The Oregon National Guard and AFGE Do Labor Relations Differently

The author describes a different but effective approach that the Oregon National Guard has to labor relations.

I recently presented a two days labor relations seminar to a group of National Guard supervisors, managers, HR folks, and union representatives. We spent half the time on some basic labor relations (LR). The other half was spent reviewing the interest-based negotiating concepts they have been using for more than a quarter century. Perhaps it was the effect of a long hiatus from work due to the pandemic, but the two days in Oregon tapped into a well of nostalgia and optimism.

Oregon’s longstanding partnership began in the mid-1990s. It has sustained itself and achieved a pattern of cooperative practices thought radical at the time of its inception. I am fortunate to have been part of their unconventional arrangement from the beginning. Their way of doing the work of LR is worth considering once again as administrations and their pro/anti-union Executive Orders continue to whipsaw union-management relations and relationships.

In the beginning…

My first experience teaching to joint union-management audiences began under the tutelage of the late Dennis Reischl and this site’s founder, Ralph Smith. Dennis and Ralph had landed part of a contract to teach the LR portion of a seminar titled “Partners in Problem Solving”. 

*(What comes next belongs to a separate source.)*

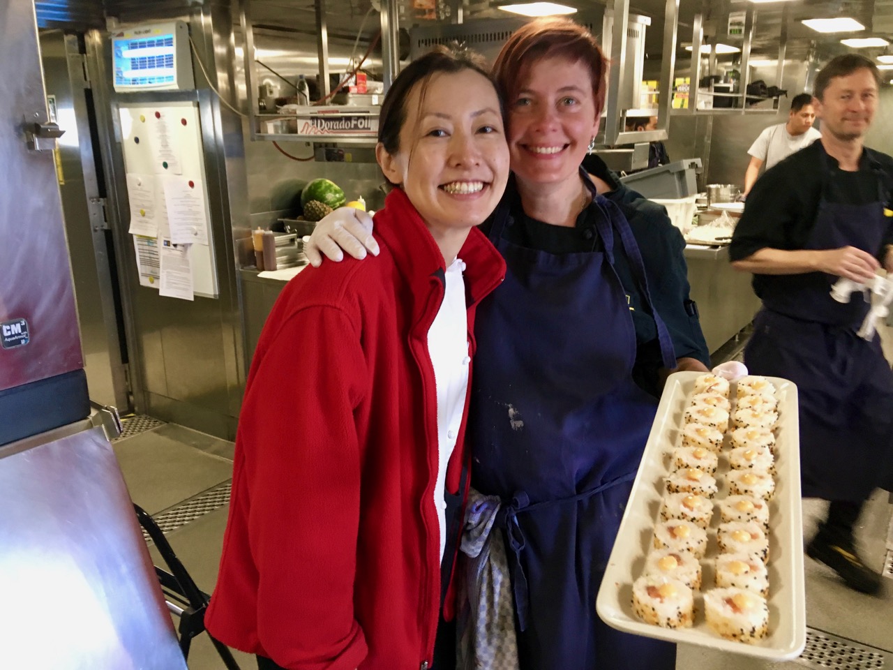 Some of us will definitely think about putting in time at the gym or at least taking a long walk when we arrive in East Falkland to balance all of the tempting treats, delicacies, and great meals. Today, for example, we had a Japanese lunch, a lavish buffet of colors and flavors. In celebration I included a picture of some of the galley team: above from left to right, pastry chef Michiyo Tanaka, executive chef Sara Henstam, and sous chef Magnus Haeggman rushing to his work station.

It was designed for FAA managers and a new union, NATCA – the National Air Traffic Controllers Association. At that time, NATCA had just arisen from the ashes of the Professional Air Traffic Controllers Organization (PATCO) following a disastrous strike and PATCO’s decertification. We were on a large team presenting those classes across the country. All included both union and management. To my knowledge, they were the first joint LR trainings in the federal sector. 

Then, as now, elected union officers and appointed representatives were trained by their national unions while most management representatives received agency training. These separate classes focused on the same law, however, the experiences were partisan and polarizing by their very design. Dennis and Ralph were moving their young business into a potentially volatile situation where adversaries learned side by side.

Oregon gets started

Around that time, I was learning about interest-based bargaining (IBB) for the first time, but didn’t feel qualified to teach it. Negotiating for the Navy had been competitive and laden with tactics. The new “touchy-feely” ideas captured in the seminal book titled Getting to Yes seemed antithetical to everything I had been taught and had deployed as a shipyard Labor Relations Specialist (LRS). 

A few years later, and newly in business for myself, I accepted an offer to teach “partnership” and IBB to the Oregon Guard and its AFGE Local 2986. Their exploration of a cooperative venture stemmed from a series of coincidences. A former LRS had become the state’s head of human resources and was also a respected Colonel in the Guard. His hand-picked successor was serving as the local union president at the time of selection. The Adjutant General for Oregon was both open to new ideas and a superb leader. Lastly, the Clinton administration had issued an Executive Order promoting partnership and IBB. 

I was intrigued by the possibility positive (rather than adversarial) union-management relationships. So, early in my career as a sole proprietor, I designed a class covering the basics of partnership and IBB. After that, it would be the Oregonians’ course to chart. 

The National Guard Bureau, was uninterested in both the Clinton Executive Order and the softer approach it was promulgating. The nearby district office of AFGE was no more encouraging. The adversarial system was familiar to both and Feds aren’t known for taking untested risks.

Paddling against the current, the Oregonians drafted a partnership charter that was signed by both the Adjutant General and the local union president and the experiment was underway. Early classes and meetings were perilous at times. The Labor Relations Specialist was still trying to run the union he once led and mistrust arose on both sides. Over time, however, sober and thoughtful voices propelled partnership forward.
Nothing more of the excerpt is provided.